Growth mechanism of photoreduced silver nanostructures on periodically proton exchanged lithium niobate: Time and concentration dependence

Photodeposition of metallic nanostructures onto ferroelectric surfaces, which have been chemically patterned using a proton exchange process, has recently been demonstrated. By varying the molar concentration of the AgNO ₃ solution and the illumination time, one can determine the initial nucleation sites, control the rate of nucleation and the height of silver nanostructures formed, and study the mechanisms by which these processes occurs. The nanoparticles are found to deposit preferentially in the boundary between ferroelectric and proton exchanged regions, in an area proton exchanged via lateral diffusion under the masking layer used for chemical patterning, consistent with our previous results. Using a short illumination time (3 min), we are able to determine that the initial nucleation of the silver nanostructure, having a width of 0.17 ± 0.02 μm and a height of 1.61 ± 0.98 nm, occurs near the edge of the reactive ion etched area within this lateral diffusion region. Over longer illumination times (15 min), we find that the silver deposition has spread to a width of 1.29 ± 0.06 μm, extending across the entire lateral diffusion region. We report that at a high molar concentration of AgNO₃ (10^-2 M), the amount of silver deposition for 5 min UV illumination is greater (2.88 ± 0.58 nm) compared to that at low (10^-4 M) concentrations (0.78 ± 0.35 nm), however, this is not the case for longer time periods.
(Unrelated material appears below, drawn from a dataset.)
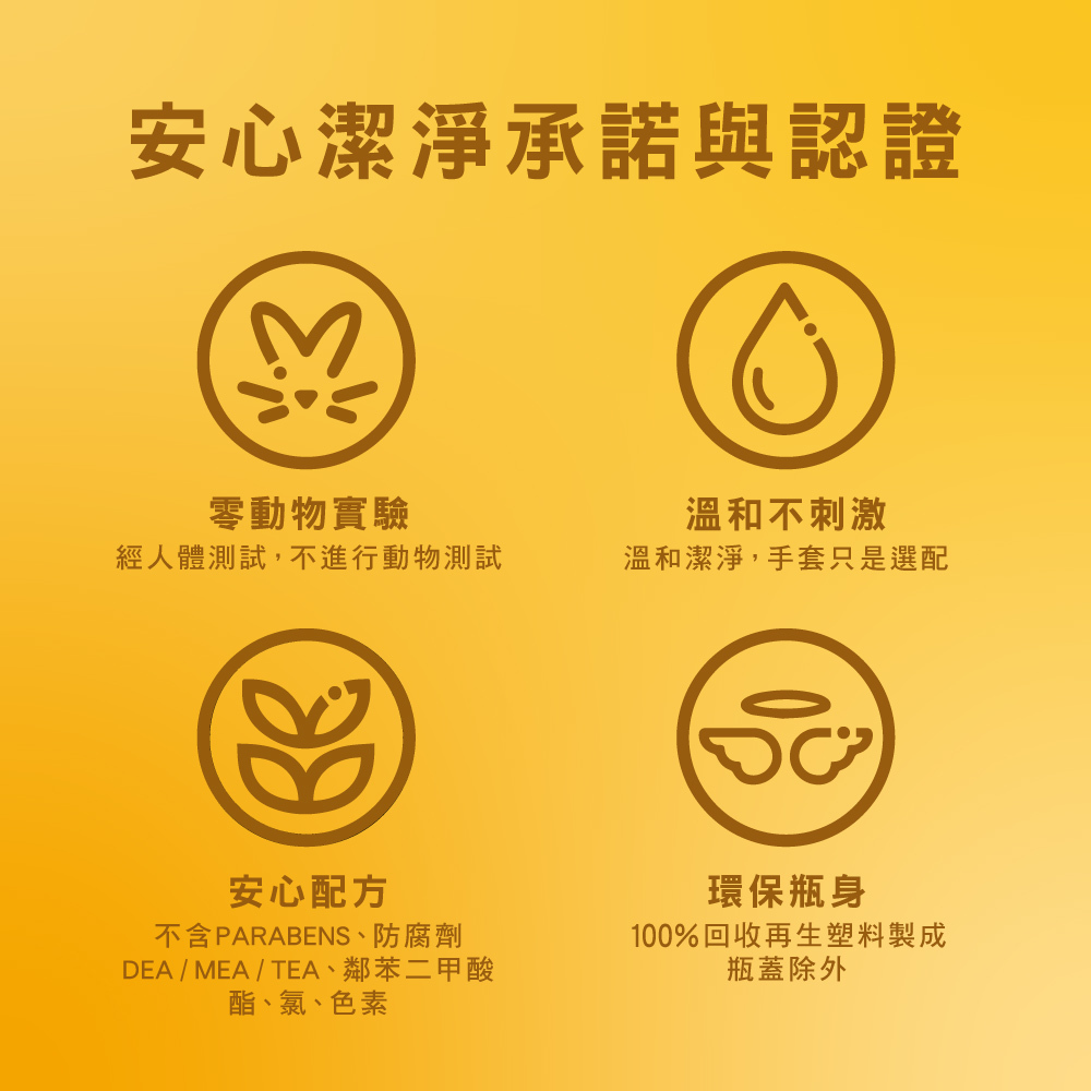 蛋白質 → 蛋白酵素(Protease) - 強效潔淨 + 溫和親膚 溫和不刺激雙手,洗碗可不需戴手套,產品不含 Parabens、Phthalates、Phosphates、DEAs、人工色素,無動物實驗(cruelty free)

With increasing illumination time (15 min), experiments at 10^-4 M had greater overall deposition, 6.90 ± 1.52 nm, compared to 4.50 ± 0.76 nm at 10 ^-2 M. For longer exposure times (30 min) at 10^-2 M, the nanostructure height is 4.72 ± 0.59 nm, suggesting a saturation in the nanostructure height. The results are discussed in terms of the electric double layer that forms at the crystal surface. There is an order of magnitude difference between the Debye lengths for 10^-2 and 10^-4 M solutions, i.e., 3.04 vs. 30.40 nm, which suggests the Debye length plays a role in the availability of Ag ions at the surface.